Цурукава поспешно отвел глаза и, даже не пытаясь скрыть мальчишеского любопытства, сказал:

– Я знаю, почему ты так любишь Золотой Храм. Глядя на него, ты вспоминаешь отца, верно? Он, наверное, очень почитал Кинкакудзи. Так или нет?

Я испытывал удовлетворение, чувствуя, что ни один мускул не дрогнул на моем бесстрастном лице от предположения Цурукавы, верного не более чем наполовину. Судя по всему, этот подросток имел склонность коллекционировать людские эмоции, как другие мальчишки собирают жуков или бабочек. Тщательно собранные и отсортированные эмоции хранились в голове Цурукавы, каждая на своем месте, в отведенных им аккуратных ячейках, и иногда он, видимо, любил доставать свои сокровища и оценивать их практическую стоимость.

– Ты, наверное, сильно убивался, когда отец умер. Вот почему у тебя вид такой нелюдимый – я сразу понял, как только увидел тебя в первый раз.

Прогнозы Цурукавы ни в коей степени меня не задели, наоборот, услышав о том, что у меня нелюдимый вид, я даже почувствовал себя увереннее и свободнее, и слова легко слетели с моих губ:

– Ничего я не убивался.

Цурукава уставился на меня, хлопая длиннющими – как они только смотреть ему не мешали – ресницами.

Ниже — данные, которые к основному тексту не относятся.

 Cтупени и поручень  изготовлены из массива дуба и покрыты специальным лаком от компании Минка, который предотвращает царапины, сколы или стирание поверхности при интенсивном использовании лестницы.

– Так ты… Так ты ненавидел своего отца? Во всяком случае, не любил, да?

– И вовсе нет.

– Почему же ты по нему тогда не горевал?

– Не горевал, и все.

– Не понимаю…

Столкнувшись со столь сложной проблемой, Цурукава даже приподнялся с травы.

– Значит, в твоей жизни стряслось что-нибудь еще более ужасное.

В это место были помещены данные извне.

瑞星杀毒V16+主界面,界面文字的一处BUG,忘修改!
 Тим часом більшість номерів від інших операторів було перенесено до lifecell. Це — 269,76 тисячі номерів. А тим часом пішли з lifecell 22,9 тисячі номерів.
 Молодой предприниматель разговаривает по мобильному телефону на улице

– Не знаю. Может быть, – ответил я и подумал: отчего мне так нравится заронять сомнение в душу другого? Для меня все было совершенно очевидно: мои чувства тоже страдают заиканием, они всегда запаздывают. Поэтому событие – смерть отца и чувство – скорбь существуют для меня отдельно и независимо друг от друга. Небольшой сдвиг во времени, незначительная задержка нарушают во мне связь между явлением и эмоцией, и это несоответствие является для меня наиболее естественным состоянием. Если я скорблю, то скорбь моя не вызвана каким-либо конкретным поводом, она приходит ко мне самопроизвольно и беспричинно…

Я не смог всего этого объяснить своему новому приятелю. И в конце концов Цурукава засмеялся:

– Чудной ты парень, ей-богу.

Его живот под белой рубашкой сотрясался от смеха. Глядя на солнечные пятна, движущиеся по этой рубашке, я вдруг почувствовал себя счастливым. Жизнь моя так же измята и морщиниста, как эта белая ткань. Но ткань сияет на солнце, несмотря на морщины! Может быть, и я?..

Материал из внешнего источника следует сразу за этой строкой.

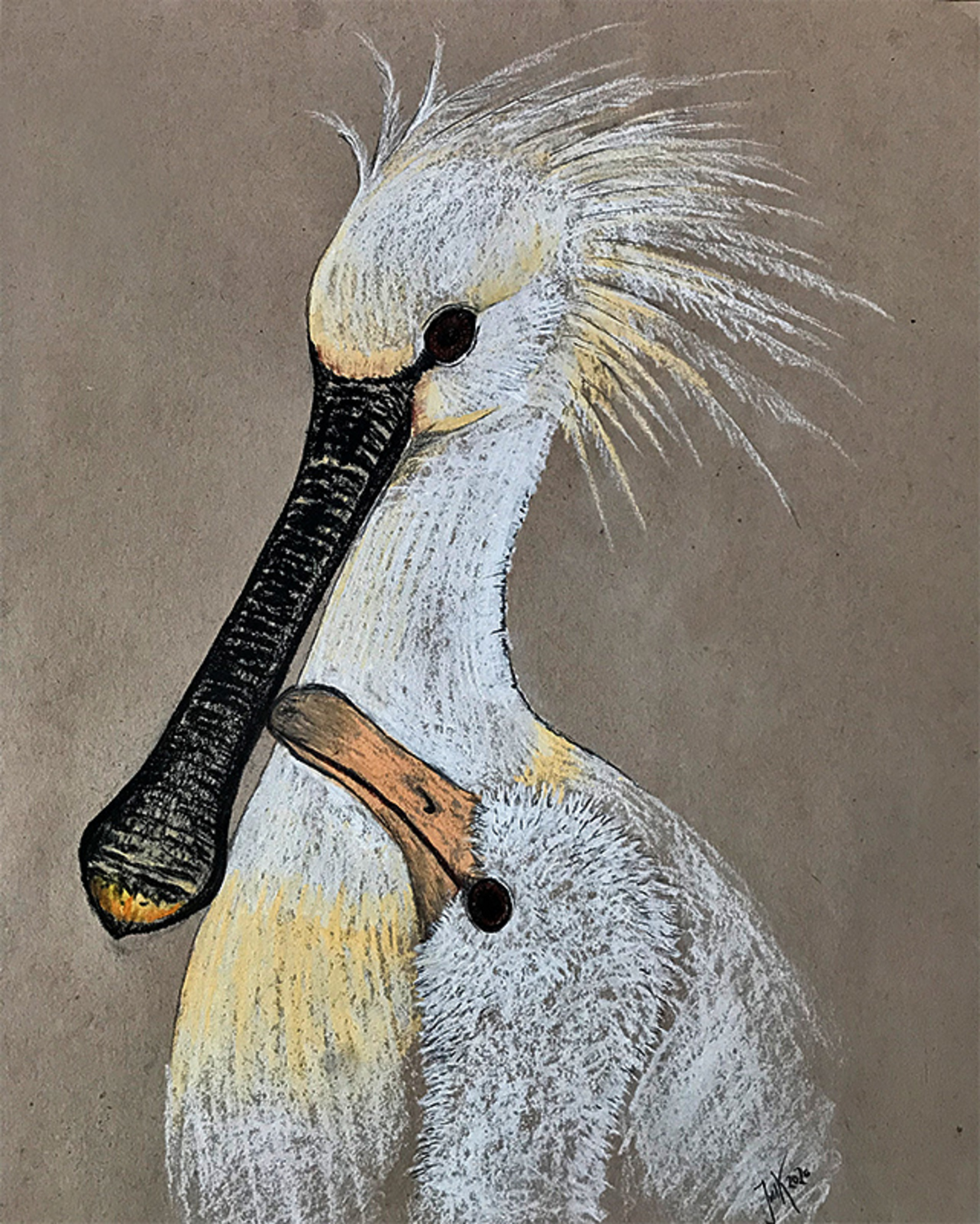 Lepelaar met jong. Conté à Paris Pastelkrijt op kraftpapier

Жизнь в храме секты Дзэн шла согласно давно установленным канонам, обособленно от внешнего мира. Летом послушники должны были вставать не позже пяти утра. Подъем назывался «открытие закона». Едва проснувшись, мы приступали к «утреннему уроку» – чтению сутр. Эта служба называлась «тройной», сутры полагалось читать трижды. Потом мы занимались уборкой главного здания храма, протирали тряпками полы. Затем следовал завтрак – «утренняя каша», – перед которым тоже предписывалось прочесть особую сутру. После еды мы подстригали газоны, убирали двор храма, кололи дрова и выполняли всякие прочие «наказы». Когда же начнется учебный год, я в это время буду в школе. После учебы – «спасительный камень», а потом изучение священных текстов с отцом настоятелем. В девять часов вечера – «открытие подушки», то есть отбой.

Так проходили мои дни, и каждое утро я пробуждался от сна под звон колокольчика, в который звонил отец эконом.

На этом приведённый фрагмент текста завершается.